In Nairobi's Kibera neighborhood residents supported by international NGO the Human Needs Project are making possible what seemed out of reach.
They have ventured into urban farming.
They had to find solutions to challenegs including a lack of proper sanitation and scarcity of water that make farming a difficult venture in Kibera.
David Omari has adapted a soilless medium. He uses pumice, a volcanic rock.
"So, we are using what we call the waste products, which are things which come from yoghurt, those cups of yoghurt. So, we are using it, we put in the pumice, which comes from the volcanic type of soil or rock from Maimahiu. So this one, you know it has got no impurities, it is clear and makes the work easier because it cannot grow some weeds."

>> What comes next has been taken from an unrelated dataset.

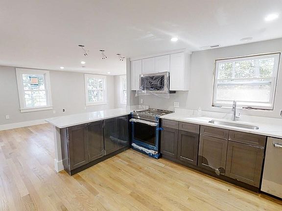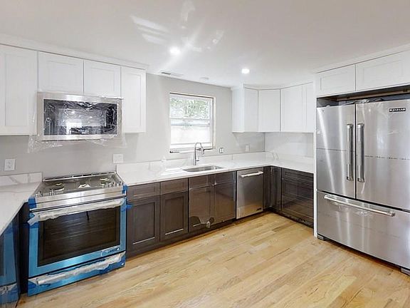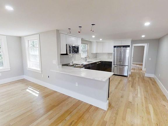 This two floor West Newton 3 bed 3 full bath apartment was completely gut renovated in 2020. The 2 fam bldg is conveniently located off Comm Ave, next to Braeburn Country Club, West Newton shops, with easy access to the D line T and the Mass Pike. The beautiful master suite has an enormous walk in closet & gorgeous tiled shower. The combination living and dining rooms boast beautiful hardwood flooring, a modern open floor plan, and large windows allowing for natural sunlight to pour in at all hours of the day. The kitchen has all of the expected high end finishes with stainless steel appliances and stunning marble countertops. Up stairs boasts plush and comfortable carpeting, a bonus space, bedroom, full bath! Central A/C and gas heating cool and warm the apartment. There's also a private deck off the entry hallway. There are two parking spaces included, 1 garaged, 1 outdoor. W/D are in the unit. Truly rare and stunning apartment!
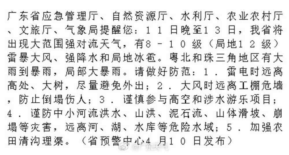 为提醒公众防御强对流天气,广东省应急管理厅、自然资源厅、水利厅、农业农村厅、文旅厅、气象局已在4月10日上午,通过广东省突发事件预警信息发布中心陆续向全省(含漫游)手机用户发送短信,提醒公众11日晚起广东将出现大范围强对流天气,其影响过程除12日外还有可能持续至13日,建议公众在雷电时远离高处、大树,尽量避免外出;大风天气时远离工棚危墙,防止倒塌伤人;强对流天气影响期间谨慎参与高空和涉水游乐项目;谨防中小河流洪水、山洪、泥石流、山体滑坡、崩塌等灾害,远离河、湖、水库等危险水域;加强农田清沟理渠。

Fellow farmer Racheal Jumba grows peppers in a greenhouse using hydroponic methods.
"For me, it was a way of us being able to give the community food that is organically produced, that we are using clean resources to be able to do that," she says.
"We are able to do a lot in a smaller space. So, where for example, what we have right here, we would have done it in perhaps about half an acre, but now, we are doing it in an area that is 8 meters by 15 meters."

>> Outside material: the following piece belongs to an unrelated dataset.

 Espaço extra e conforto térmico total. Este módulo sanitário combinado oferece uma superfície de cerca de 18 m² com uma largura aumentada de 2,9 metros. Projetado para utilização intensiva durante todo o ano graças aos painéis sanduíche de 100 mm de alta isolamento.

The use of hydroponic methods is helping Kibera's urban farmers maximize space for a bumper harvest.
They are funded by the World Food Programme.
International NGO the Human Needs Project supplies the farmers with clean water for irrigation and other amenities.

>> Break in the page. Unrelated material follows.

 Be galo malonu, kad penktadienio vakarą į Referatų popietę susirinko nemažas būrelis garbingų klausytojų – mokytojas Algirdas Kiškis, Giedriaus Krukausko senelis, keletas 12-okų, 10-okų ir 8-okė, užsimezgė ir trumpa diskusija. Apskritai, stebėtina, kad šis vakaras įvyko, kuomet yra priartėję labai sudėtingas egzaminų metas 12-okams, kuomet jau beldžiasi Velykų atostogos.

"Urban farming is very important to people living in informal settlements, given that informal settlements are seen as a dumping site by anyone outside," Stella Mwania, field coordinator, at Human Needs Project says.
"Them being able to trace where their food is coming from, we believe it is very important for the communities as well."
Kibera is home to an estimated population of 250,000. It is Africa's largest slum.
Agriculture experts say urban farming provides more affordable crops since transportation costs are reduced.
For Joseph Wangai, crops grown in Kibera should contain less contaminants.
Since " these informal sectors have poor garbage collection. Soil as a medium of production now becomes polluted and now we are avoiding this pollution, this hazard of pollution, to the produce that is coming from the farms."
"One method is avoiding the soil as a medium of production. Therefore, the farmers can consider soilless mediums."
As an ongoing drought hits countries in the horn of Africa, some hope urban farming can help improve food security.